Could an objection of a minor aged around 10, to returning to his 'home country' be a valid defence, sufficient enough to prevent a Hague Return order after a finding of child abduction is made?
Possibly. Much depends on which 'Hague' country proceedings are being heard. Under the Convention, a child's objection to being returned to his/her country of habitual residence, following proven child abduction, does constitute a defence, if proven, but no specific age is mentioned, and the mechanism provided for considering a minor's views, is subject to differing interpretation, according to domestic law. The child must be 'old' enough and 'mature' enough to have their views taken into consideration, and even if they are considered, they may not necessarily be upheld.

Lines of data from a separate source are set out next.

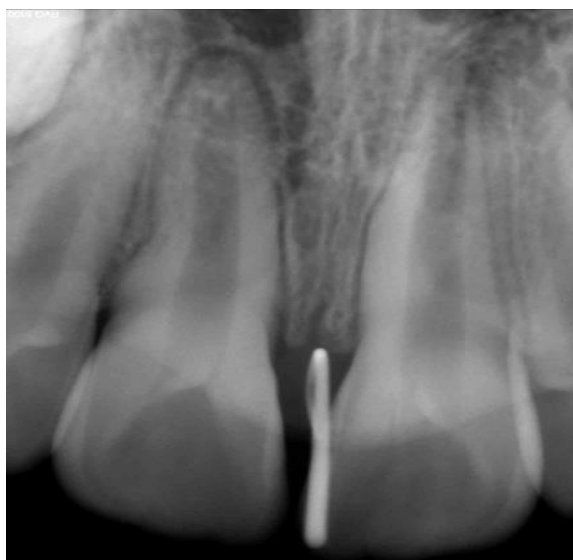
Figure 5: Intra-oral periapical radiograph with Gutta percha point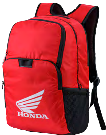
RACING ref: 233-6117021-01 Pris: 578,-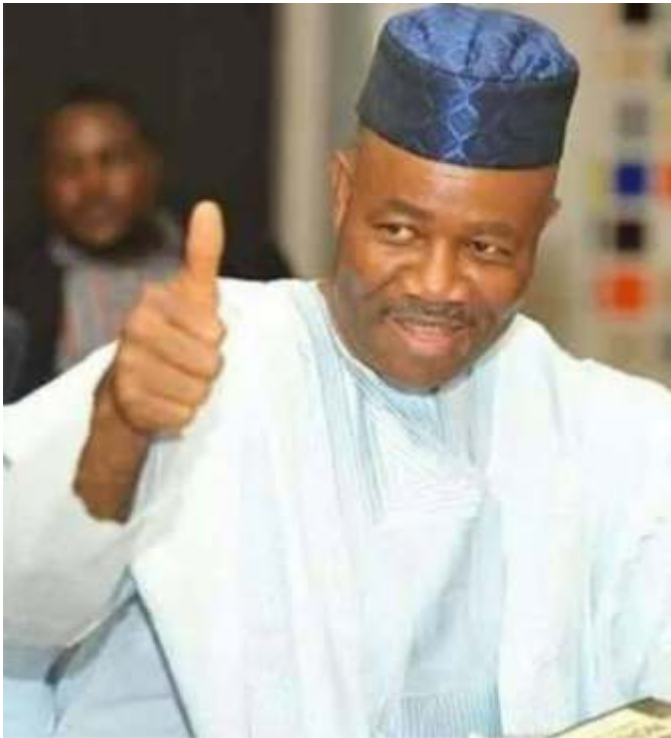
Senate President Akpabio

*Wants urgent implementation of palliatives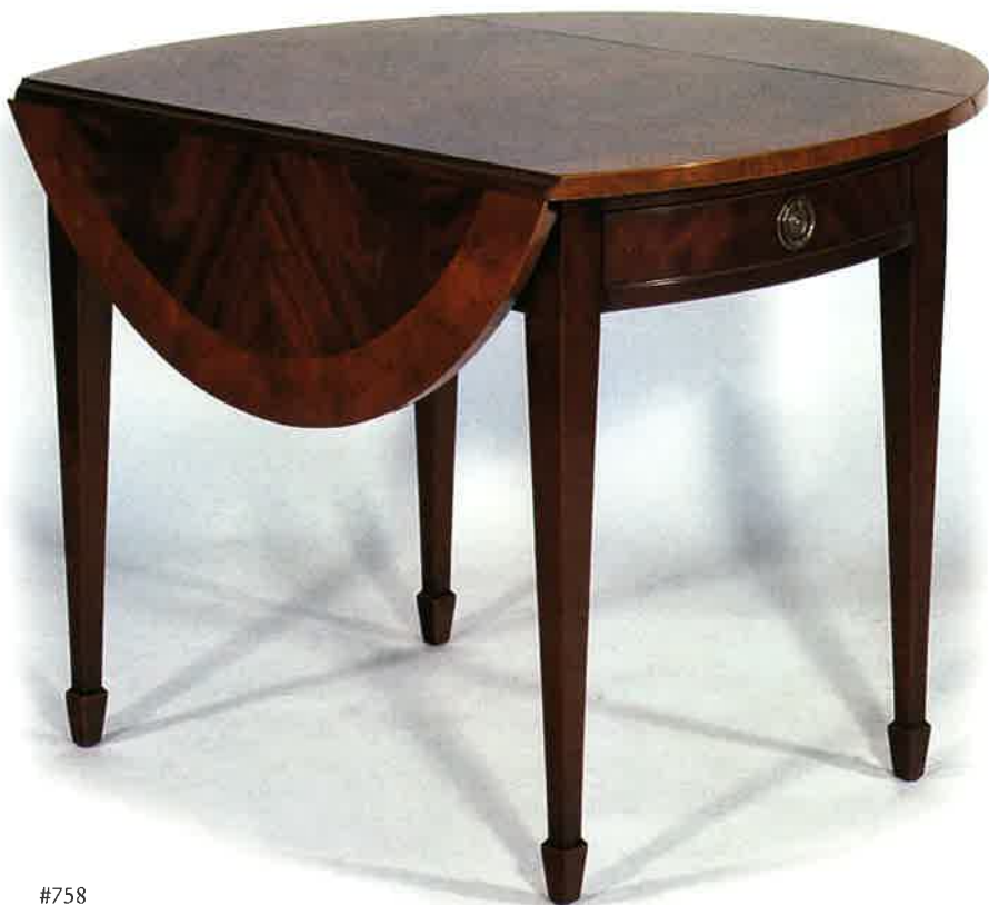
#758 PEMBROKE TABLE 39"W X 32"D X 24"H leaves up (20"W with leaves down) Illustrated in mahogany with four piece crotch mahogany top with yew-wood crossbanding.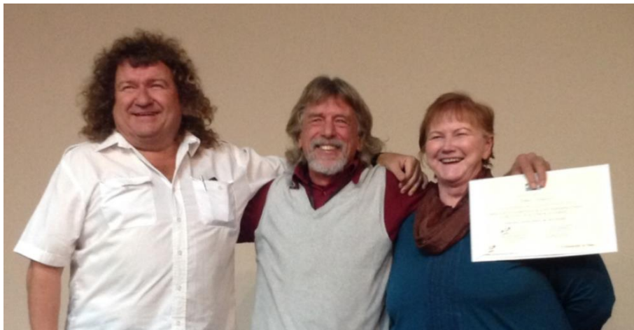
Some original HISPP members – could they be the HISP Geriatric Society or the Geriatric HISP Society ...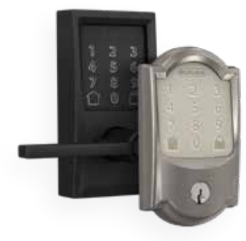
FE789 & BE489 Shown with Century trim in Matte Black with Latitude lever and Camelot trim in Satin Nickel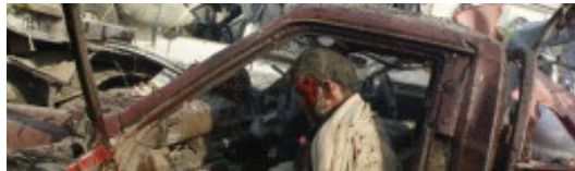
Bomb Explodes In Northwest Pakistan, Killing At Least 25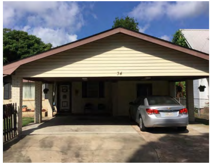
7/2/2019 3:30:03 PM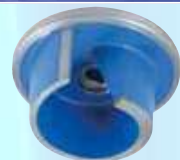
Single channel, semi-open impeller with tungsten cutting tip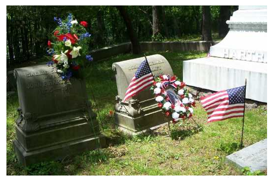
HARTRANFT FAMILY PLOT AT MONTGOMERY CEMETERY, NORRISTOWN PHOTOS SUBMITTED BY RON SHIREMAN.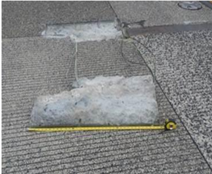
August 23, 2013 Patch Failure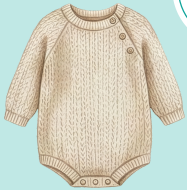
Choosing the clothes & dressing your baby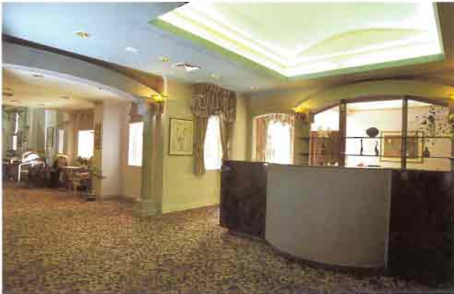
The reception area, located at the lift lobby, is a focal point for the Unit, reflecting the change from institution to unit management.

Emphasis has been placed on “team” work by the staff working in the First Floor Unit and philosophies developed for the care of the residents are leading to altered work practices.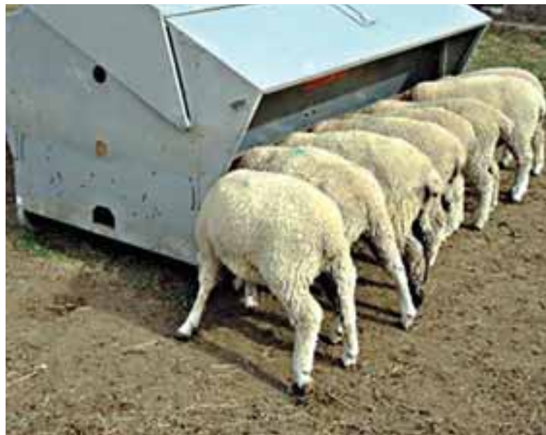
Added feeding expenses and income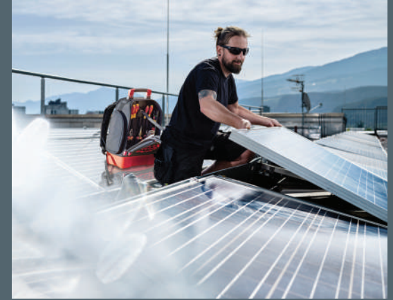
Convenient for working on roofs, such as solar heating system construction.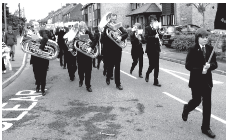
Lanchester Brass Band inspire the parade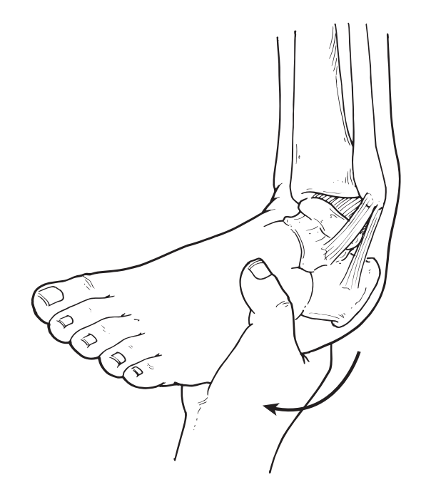
Examination technique: Chronic lateral ankle instability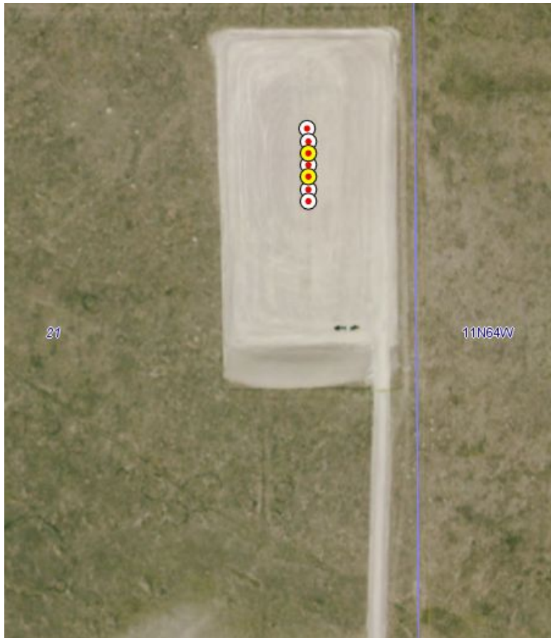
Photo 2. COGCC GISOnline aerial imagery from 2019 illustrates the location. At the time of this inspection, the location remains the same size and interim reclamation has not been performed- refer to Photos 4-5.

For example in 2010, in a Californian appeal case ( Escobar v. Flores)in the USA, the objections of an 8 year old were upheld, and it stated that no minimum age for the defence could be set, but in a 2013 2nd appeal level Canadian ruling , the objections of a 10 year old in RM v JS ,were not upheld. The Court of Appeal of Alberta, Canada, allowed the mother's appeal , ordering the minor's return to East Jerusalem, qualifying and restricting the defence under the Convention. In this case the parents were both Arab Moslems who had divorced under Sha'aria Court in 2008, in East Jerusalem, Israel and the child was held to have been wrongly retained by the father, at the end of summer visitation with the father, in Canada.